• [PROVIDED MATERIAL]
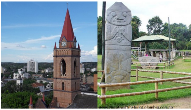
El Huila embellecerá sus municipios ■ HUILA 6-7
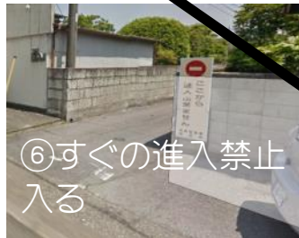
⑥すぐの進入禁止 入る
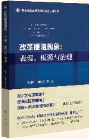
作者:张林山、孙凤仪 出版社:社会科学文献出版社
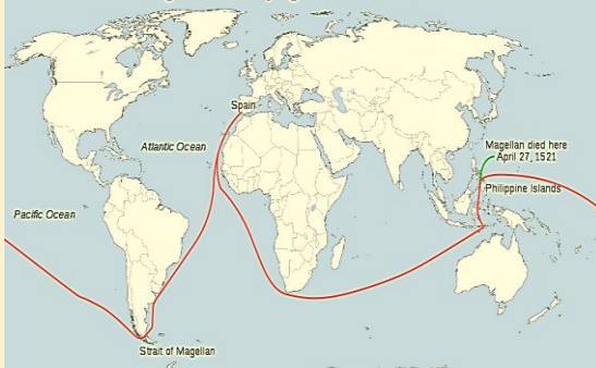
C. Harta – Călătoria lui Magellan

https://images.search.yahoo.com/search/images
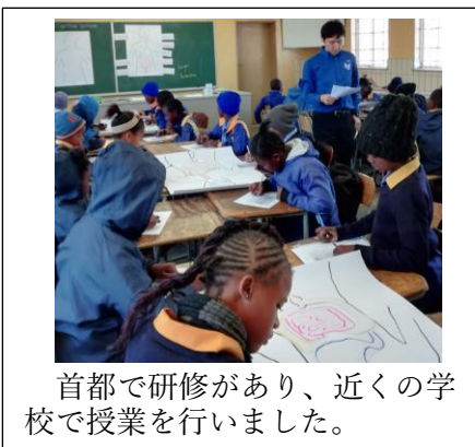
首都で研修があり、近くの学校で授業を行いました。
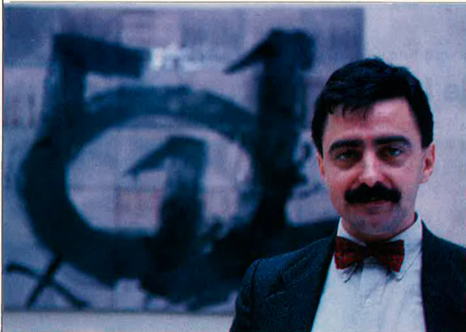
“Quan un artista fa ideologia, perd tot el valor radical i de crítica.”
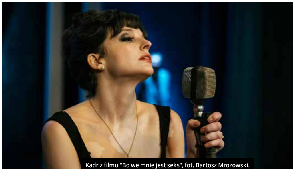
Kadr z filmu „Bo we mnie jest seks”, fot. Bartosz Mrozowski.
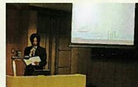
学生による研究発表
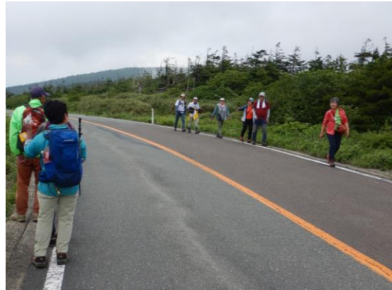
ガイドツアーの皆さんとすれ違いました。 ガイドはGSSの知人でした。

• [GOAL OF THE EXERCISE] Except for the pictures, set down all of the records exactly as they are.

• [TASK RESPONSE]
El Huila embellecerá sus municipios ■ HUILA 6-7
⑥すぐの進入禁止 入る
作者:张林山、孙凤仪 出版社:社会科学文献出版社
C. Harta – Călătoria lui Magellan

https://images.search.yahoo.com/search/images
首都で研修があり、近くの学校で授業を行いました。
“Quan un artista fa ideologia, perd tot el valor radical i de crítica.”
Kadr z filmu „Bo we mnie jest seks”, fot. Bartosz Mrozowski.
学生による研究発表
ガイドツアーの皆さんとすれ違いました。 ガイドはGSSの知人でした。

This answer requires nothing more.